The graphical equivalent of the package multi Version 1 of SBML Level 3 Version 1 is the SBGN Entity Relationship language.
Finally, the package multi permit to encode entities that are made of components belonging to different compartments. Those entities cannot be species, since a species is attached to a single compartment, and the compartments in SBML Level 3 Version 1 are not overlapping. In multi, speciesTypes representing species attached to different compartments can be linked.
Past work on this problem or similar topics
Proposals for supporting multistates and multicomponent species have a long history in SBML. Here is a reconstruction in chronological order:
- Andrew Finney was probably the first to formulate, in March 2001, proposed SBML extensions to support complex species, to be able to cover multistates species and species made up of graphs of components, as part of a collection of proposals for new SBML development.
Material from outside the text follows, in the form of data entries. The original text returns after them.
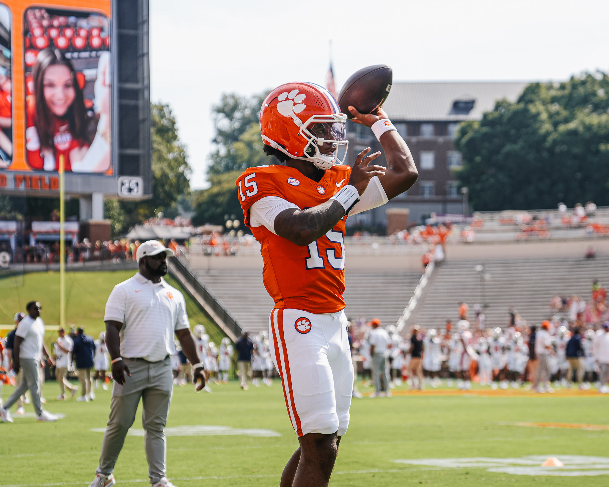 Electric dual-threat quarterback from Florida who played 11 offensive snaps over two games while redshirting in 2025, completing 4-of-4 passes for 22 yards with a touchdown in addition to rushing for 108 yards with a touchdown on seven carries ... averaged 17.7 yards per carry against Furman in 2025, the highest by a Clemson quarterback in a game with at least five attempts since Bobby Gage’s 30.3-yard average against Presbyterian in 1947.
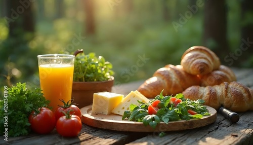 A serene forest breakfast featuring croissants, fresh fruit, and juice, perfect for a camping vacation in nature
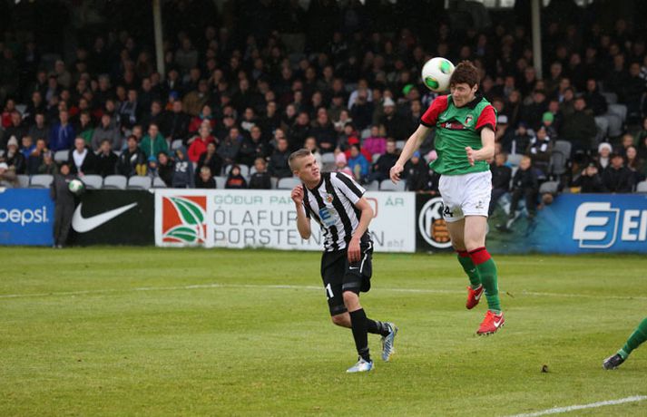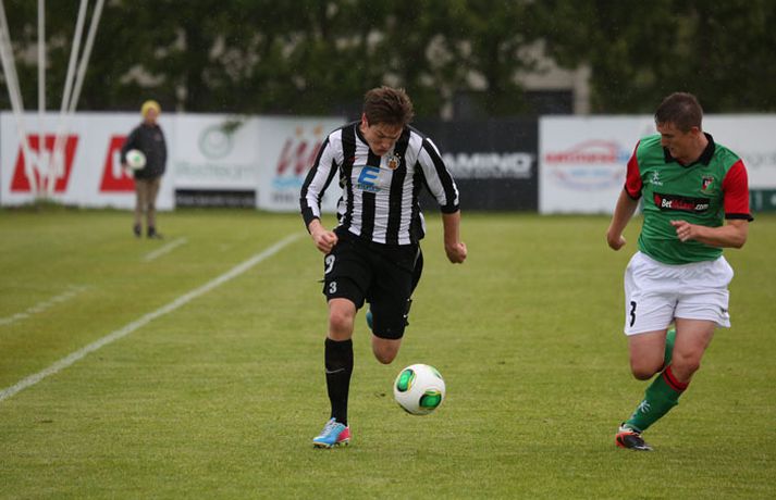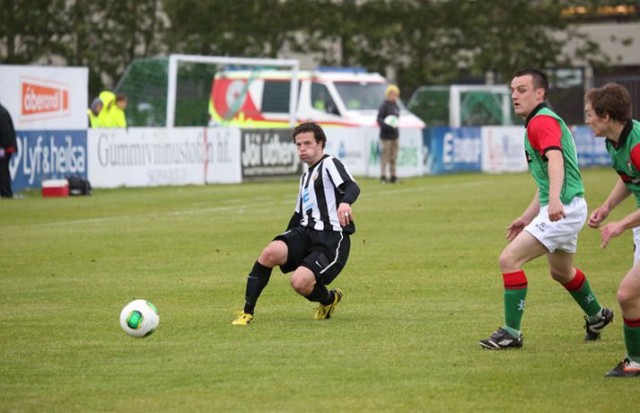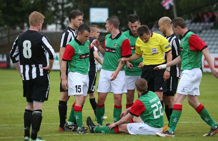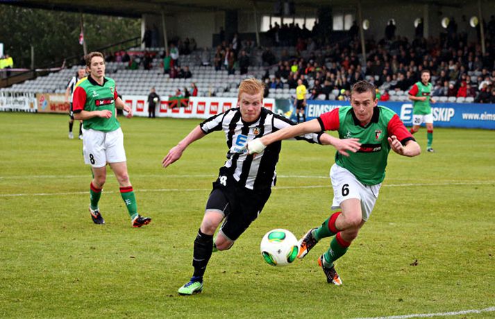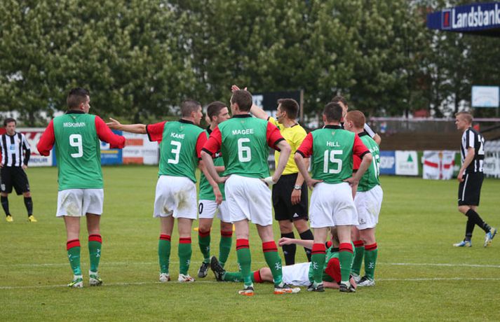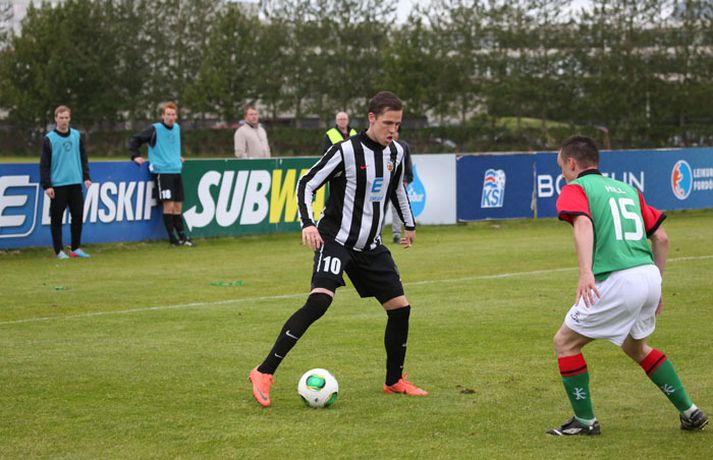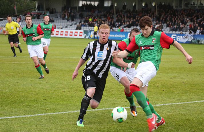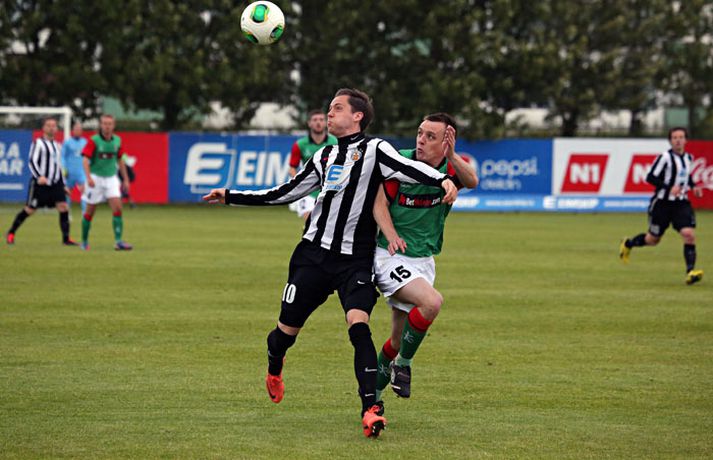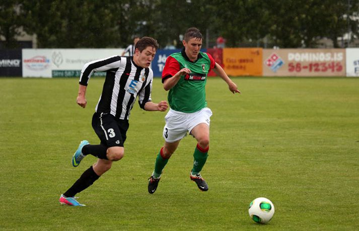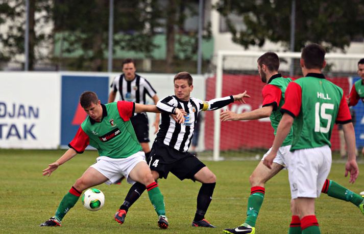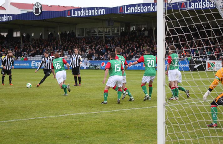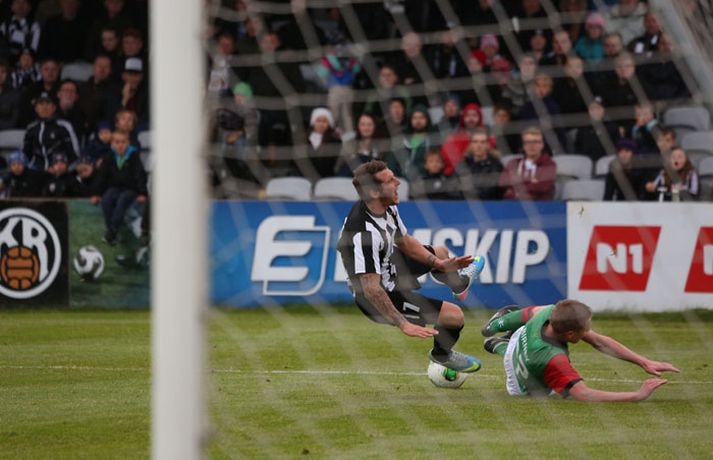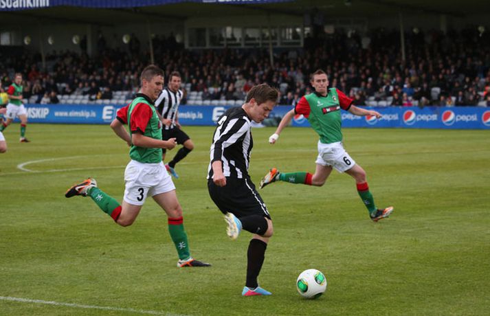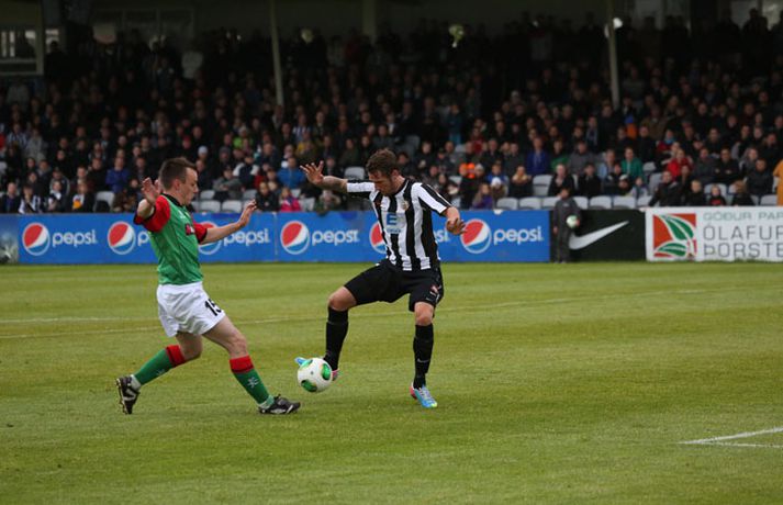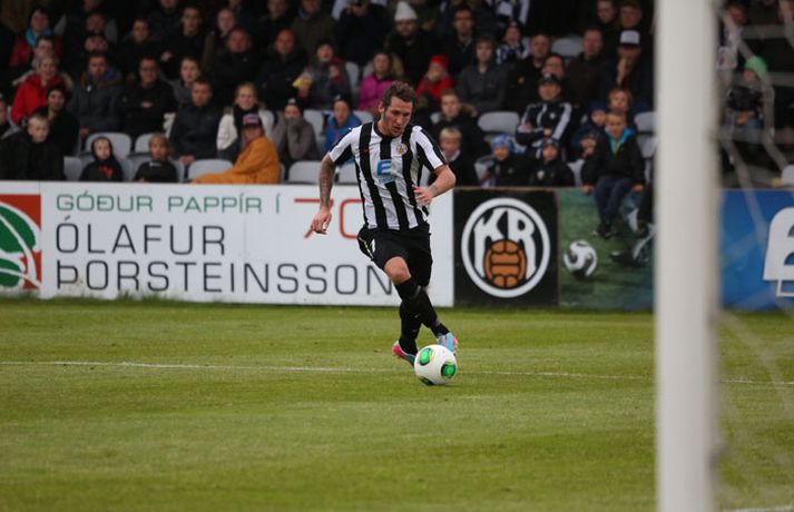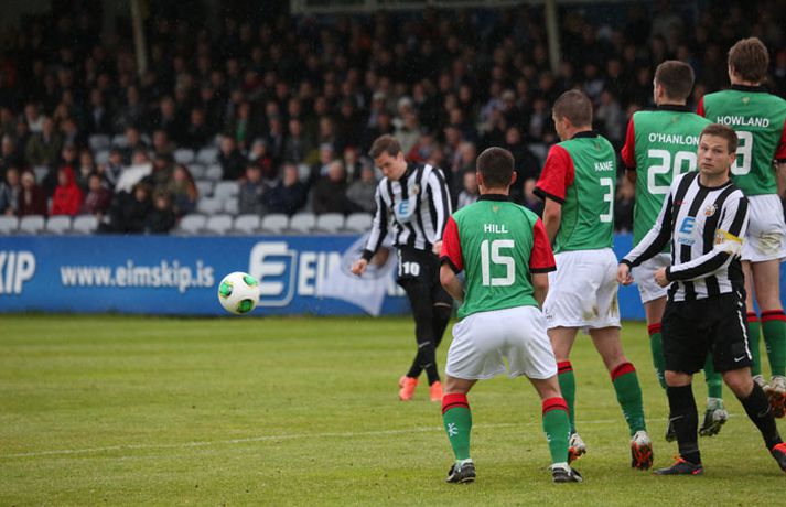 Umfjöllun, viðtöl og myndir: KR - Glentoran 0-0 Stefán Árni Pálsson á KR-velli skrifar 4. júlí 2013 11:29 KR og Glentoran gerðu markalaust jafntefli í fyrstu umferð forkeppni Evrópudeildarinnar en leikurinn fór fram á KR-velli í kvöld. Heimamenn náðu sér ekki almennilega á strik en aftur á móti voru greinilega skilaboð til leikmanna Glentoran, að tefja leikinn eins mikið og mögulegt var. Leiktafir gestanna gjörsamlega drápu allt tempó í leiknum og hann komst aldrei á flug. Daníel Rúnarsson, ljósmyndari Vísis og Fréttablaðsins, var á KR-vellinum í kvöld og tók þessar myndir hér fyrir ofan. KR-ingar byrjuðu leikinn að krafti og voru verulega ákveðnir í sínum aðgerðum. Það leit allt út fyrir að heimamenn myndu setja fyrsta markið fljótlega en gestirnir voru á öðru máli. Leikmenn Glentoran nýttu sér hvert einasta tækifæri til þess að tefja leikinn og undirritaður hefur í raun aldrei orðið vitni að öðru eins en þeir nýttu hvert innkast til að tefja leikinn og lágu um allan völl. Spiltími fyrri hálfleiksins var í raun svona 35 mínútur, ekki 45 mínútur. Gestirnir náðu með þessu að drepa allt tempó í leiknum og var staðan 0-0 í hálfleik. Í upphafi síðari hálfleiks var bara eitt lið á vellinum og KR-ingar réðu lögum og lofum á vellinum, en náðu samt sem áður ekki að setja mark sitt almennilega á leikinn og sköpuðu sér enginn hættuleg færi. Leikmenn Glentoran héldu áfram að tefja leikinn þar til að dómari leiksins fékk alveg nóg og byrjaði að spjalda fyrir það allt saman. Það er skemmst frá því að segja að leiknum lauk með 0-0 jafntefli í verulega bragðdaufum leik þar sem annað liðið var reiðubúið að spila fótbolta, hitt liðið gerði eitthvað allt annað. Síðari leikurinn fer fram í Norður-Írlandi eftir slétta viku. Þetta verða að teljast fín úrslit fyrir Glentoran. Baldur: Þetta var eins og að spila gegn liði frá Makedóníu„Það vildi bara eitt lið spila fótbolta hér í kvöld,“ sagði Baldur Sigurðsson, leikmaður KR, eftir jafnteflið í kvöld. „Það var mjög skrítið að mæta svona liði frá Norður-Írlandi og þeir spila eins og þeir séu frá Makedóníu, henda sér niður og tefja allan leikinn. Dómari leiksins tók í raun bara þátt í því með þeim og fór rétt svo að taka í taumana undir lokin.“ „Þetta fór greinilega í taugarnar á okkur, við vorum alltof æstir og náðum ekki að nýta okkur þá yfirburði sem við höfum framyfir þetta lið.“ „Þetta var allt annað lið en við mættum fyrir þremur árum. Leikurinn úti verður erfiðari og þeir hljóta að leggja þann leik töluvert öðruvísi upp.“ Hægt er að sjá myndband af viðtalinu hér að ofan. Kjartan: Komu fram við okkur eins og við værum í Real Madrid„Ég hefði kannski skilið þessa taktík frá þeim ef liðið hefði komist yfir í leiknum, en maður er bara orðlaus eftir svona leik,“ sagði Kjartan Henry Finnbogason, leikmaður KR, eftir leikinn í kvöld. „Mér fannst bara eins og þeir héldu að mótherjinn væri Real Madrid. Þeim datt ekki í hug að sækja á markið. Þetta var samt sem áður þeirra nálgun á leiknum og það tókst.“ „Þeir héldu hreinu og náðu að tefja allan leikinn. Ég held að liðið hafi tekið svona 1-2 mínútur í hvert innkast í leiknum.“ „Dómarinn tók ekki á málinu fyrir en í lokin og þá vorum við löngu orðnir vel pirraðir. Þetta hafði mikil áhrif á okkar leik og við verðum að læra af þessu í kvöld. Liðið þarf að sýna mun meiri ró í síðari leiknum og vera þolinmóðari.“ „Ég get ekki beðið eftir því að komast út í næsta leik gegn þessu liði, við erum betri.“Hægt er að sjá myndband af viðtalinu með því að ýta hér. Evrópudeild UEFA Mest lesið Bíll Shaquille O'Neal enn ófundinn Körfubolti Óskar Hrafn fer ekki fet Íslenski boltinn Epicbet sýni handboltann í leyfisleysi: „Enda ólöglegar síður“ Handbolti Hákon Rafn hélt hreinu þegar Brentford flaug áfram Enski boltinn Arteta óttast ekki að keppinautarnir steli undrabarninu frá honum Enski boltinn FH bíður með að tilkynna nýjan þjálfara Íslenski boltinn Spánn og Þýskaland mætast í úrslitum Fótbolti Dagskráin í dag: Íslenskur körfubolti í sviðsljósinu Sport Verstappen telur sig ekki geta barist um titilinn Formúla 1 Anguissa hetja meistaranna Fótbolti Fleiri fréttir Sú leikjahæsta leggur skóna á hilluna og klárar læknanámið Stuðningsmaður RB Leipzig lést á bikarleiknum í gærkvöldi Arteta óttast ekki að keppinautarnir steli undrabarninu frá honum FH bíður með að tilkynna nýjan þjálfara Óskar Hrafn fer ekki fet Spánn og Þýskaland mætast í úrslitum Anguissa hetja meistaranna Hákon Rafn hélt hreinu þegar Brentford flaug áfram Jón Dagur gulltryggði sigurinn með sínu fyrsta marki Leikið á Þróttaravelli á miðvikudag Vinícius Júnior íhugar að yfirgefa Real Madríd Kaupir sér tveggja milljarða króna hús Alexander Máni með fimm mörk í tveimur leikjum og Ísland áfram Birnir frá Akureyri í Garðabæ Klobbaði íslensku strákana og fór á flug á netmiðlum Hættir með Fram Landsliðskonur aðstoðuðu ökumenn í vanda Landsleiknum aflýst og framhaldið óljóst Segir að Slot verði að taka tvo leikmenn út úr Liverpool-liðinu Vonast til að komast í Kórinn: „Menn hafa aldrei séð annað eins“ „Alltaf gaman að fá nýjar raddir inn“ Gleðifréttir fyrir Argentínumenn: Messi vill spila á HM Stöðufundur í Laugardal klukkan 10:30 Enska úrvalsdeildin í jólaköttinn Nýi íþróttastjóri Kjartans stal mörgæs og endaði í fangelsi í Singapúr Tyrkneska sambandið segir dómara hafa veðjað á þúsundir leikja Brendan Rodgers sagði starfinu sínu lausu eftir ásakanir Segir sitt fyrrum lið í krísu Fylltu í eyð

At the 3rd Workshop on Software Platforms for Systems Biology in June 2001, Nicolas Le Novère gave a presentation entitled Multistate molecules and complex objects proposing to extend Andrew's multistate proposal.
- Nicolas Le Novère and Tom Shimizu came up in July 2001 with an alternative proposal for encoding and using states in SBML. A sligthly extended and corrected version of this proposal presented by Nicolas at the 5th Workshop on Software Platforms for Systems Biology in July 2002. Nicolas Le Novère, Tom Shimizu and Andrew Finney published a complete description of this extension in December 2002.
- In March 2004, before the 2nd SBML hackathon, Andrew Finney published an updated proposal to encode complex species made up of several components. Planed as an extension for SBML Level 3, the document also described SpeciesTypes that would later be incorporated to SBML Level 2, from version 2 onward.
- In October 2004, Michael Blinov published, together with Jim Fader, Byron Goldstein, Andrew Finney and Bill Hlavacek, an alternative proposal for encoding multi-component species, that also contained some possibilities of encoding multistate features.
- Anika Oellrich started to implement a new SBML L2 support for StochSim in spring 2007, storing multistate information in proprietary annotations. This led in June 2007 to a proposal for Level 3 by Le Novère and Oellrich, meant to work in conjunction with 2004 Finney's multicomponents proposal. The proposal was presented at the 12th SBML forum meeting. A light correction was published in December 2007.
- Also at the 12th SBML forum meeting, Michael Blinov presented an updated version of his proposal. He later published two proposals for SBML L3, one with a hierarchical speciesTypes structure and one with a non-hierarchical speciesTypes structure.
- On December 6 and 7 2007, an SBML Focused Videoconference was held, which launched the effort to develope the Level 3 package multi.